85Quae enim cupiditates a natura proficiscuntur, 
86      <lb/>
87      facile explentur sine ulla iniuria, quae autem inanes sunt, iis parendum non est.
88
89      <lb/>
90      Nihil enim desiderabile concupiscunt, plusque in ipsa iniuria detrimenti est quam in.
91
92    </text>
93    
94
95  </body>
96  
97
98</document>

Many of the previous flaws manifest as well with this implementation from the standard library. There’s excessive additional whitespace, also of significance after each lb tag.

Configuration interfaces

class delb.DefaultStringOptions[source]

This object’s class variables are used to configure the serialization parameters that are applied when nodes are coerced to str objects.

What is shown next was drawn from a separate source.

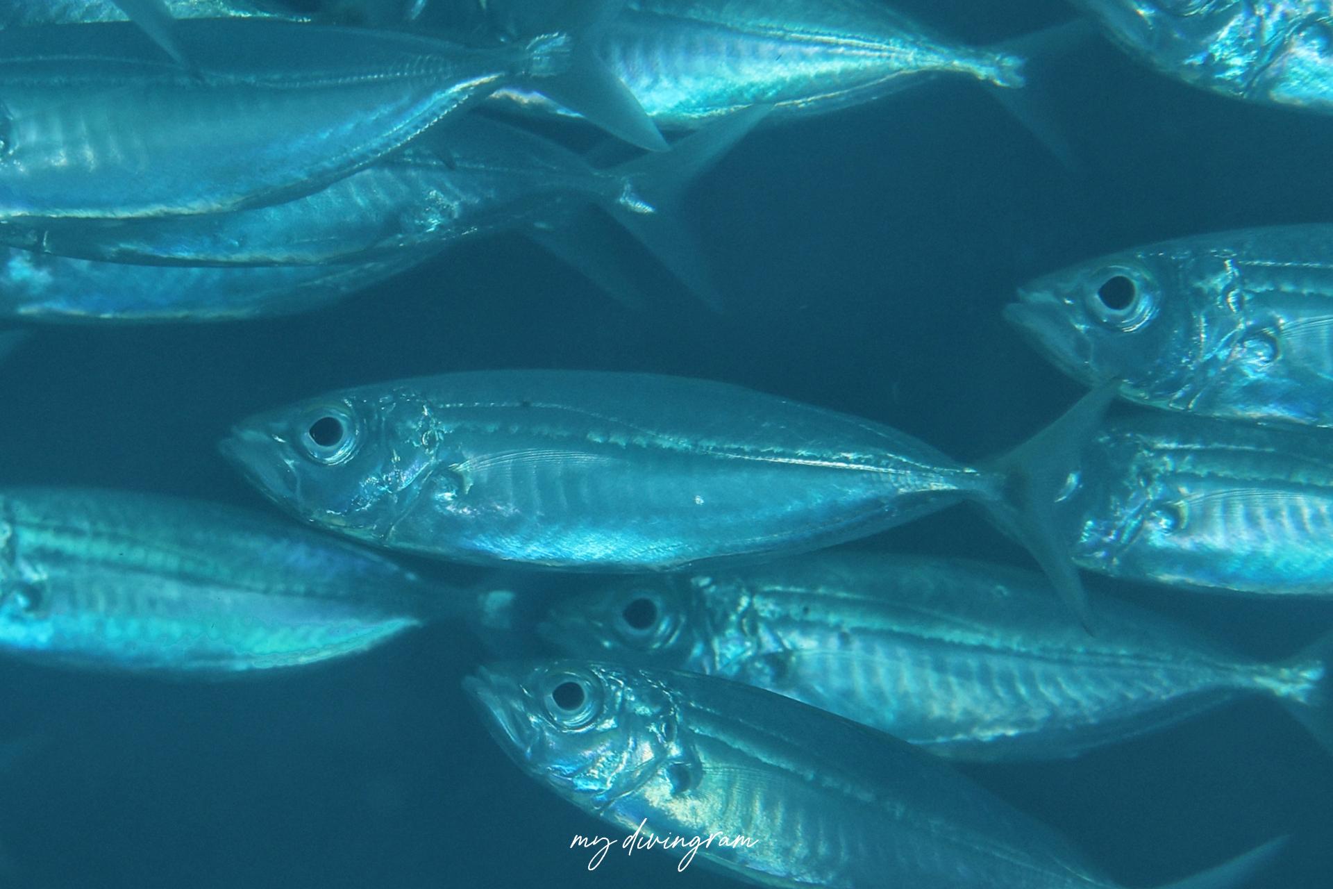 マアジと似ていますが、眼が大きいことや側線のカーブが緩やかなことで見分けられます。

Hence it also applies when node objects are fed to the print() function and in other cases where objects are implicitly cast to strings.

Attention

Use this once to define behaviour on application level. For thread-safe serializations of nodes with diverging parameters use XMLNodeType.serialize()! Think thrice whether you want to use this facility in a library.

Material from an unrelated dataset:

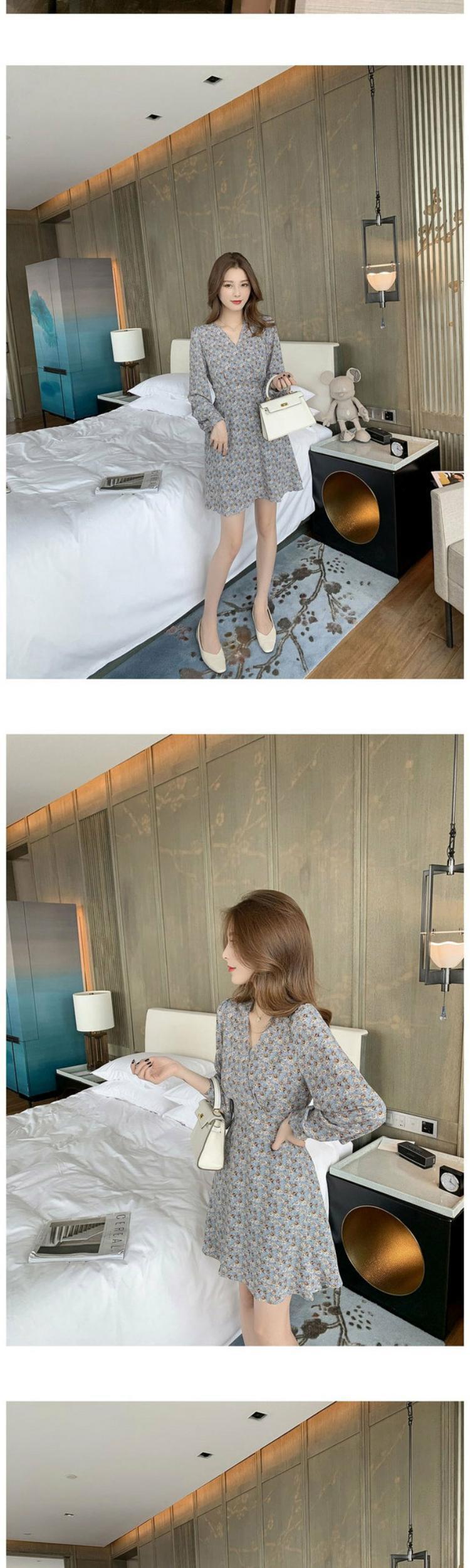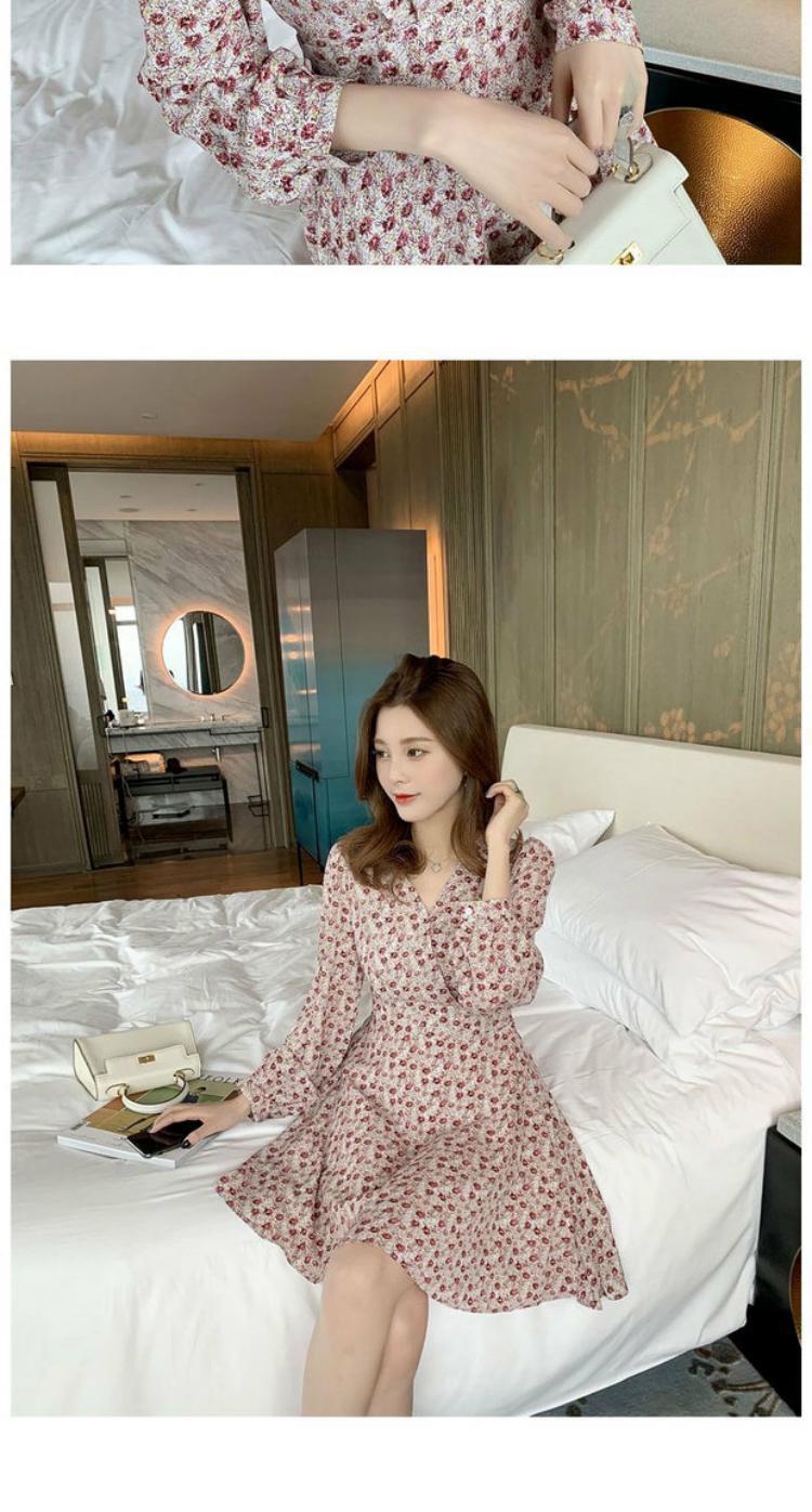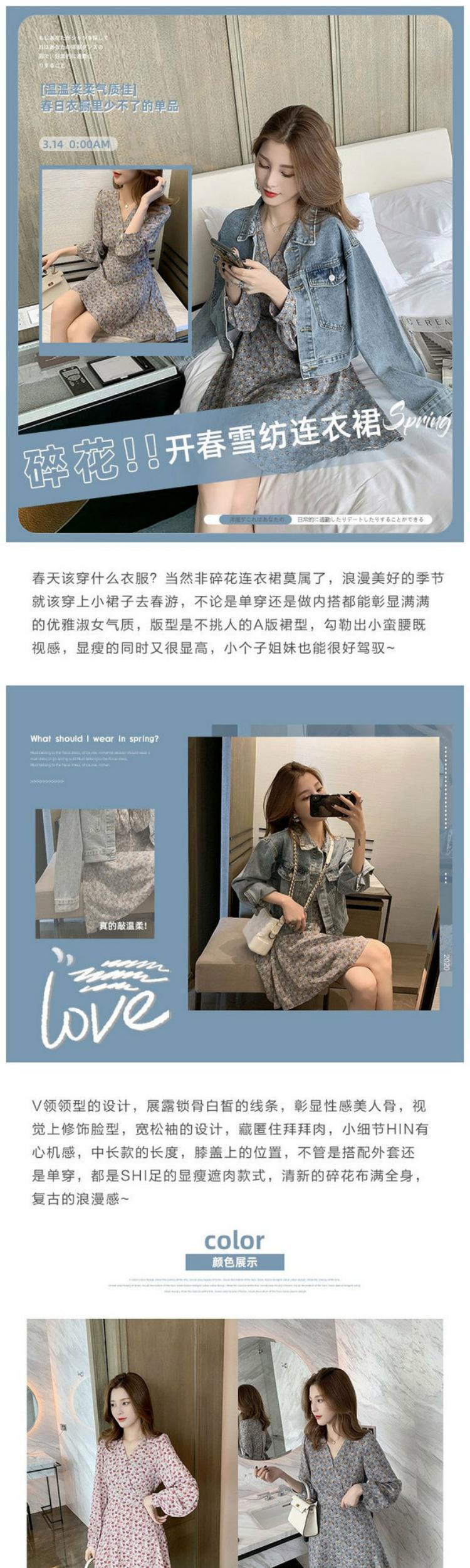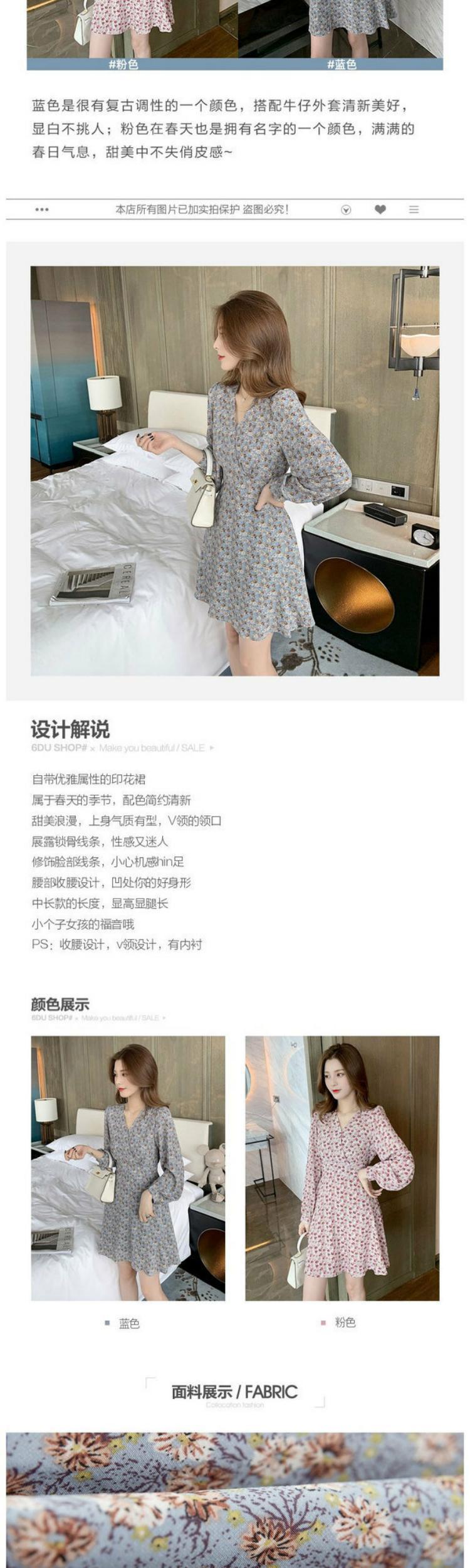 【服饰鞋包】春秋冬季高腰雪纺新款气质女神范小个子长袖碎花连衣短裙森系显瘦

format_options: ClassWar[None | FormatOptions] = None

An instance of delb.FormatOptions can be provided to configure formatting.

namespaces: ClassWar[None | NamespaceDeclarations] = None

A mapping of prefixes to namespaces. Any other prefixes for undeclared namespaces are enumerated with the prefix ns.

newline: ClassWar[None | str] = None

See io.TextIOWrapper for a detailed explanation of the parameter with the same name.

classmethod reset_defaults()[source]

Restores the factory settings.

class delb.FormatOptions(align_attributes: bool = False, indentation: str = '\t', width: int = 0)[source]

Instances of this class can be used to define serialization formatting that is not so hard to interpret for instances of Homo sapiens s., but more costly to compute.

When it’s employed whitespace contents will be collapsed and trimmed, newlines will be inserted to improve readability, but only where further whitespace reduction would drop it again.

The serialization respects when a tag node bears the xml:space attribute with the value preserve. But if any descendent of such annotated node signals to allow whitespace alterations again that has no effect. Such attributes with invalid values are ignored.

align_attributes: bool

Determines whether attributes’ names and values line up sharply around vertically aligned equal signs.

indentation: str

This string prefixes descending nodes’ contents one time per depth level.

width: int

A positive value indicates that text nodes shall get wrapped at this character position. Indentations are not considered as part of text. This parameter is purposed to define reasonable widths for text displays that could be scrolled horizontally.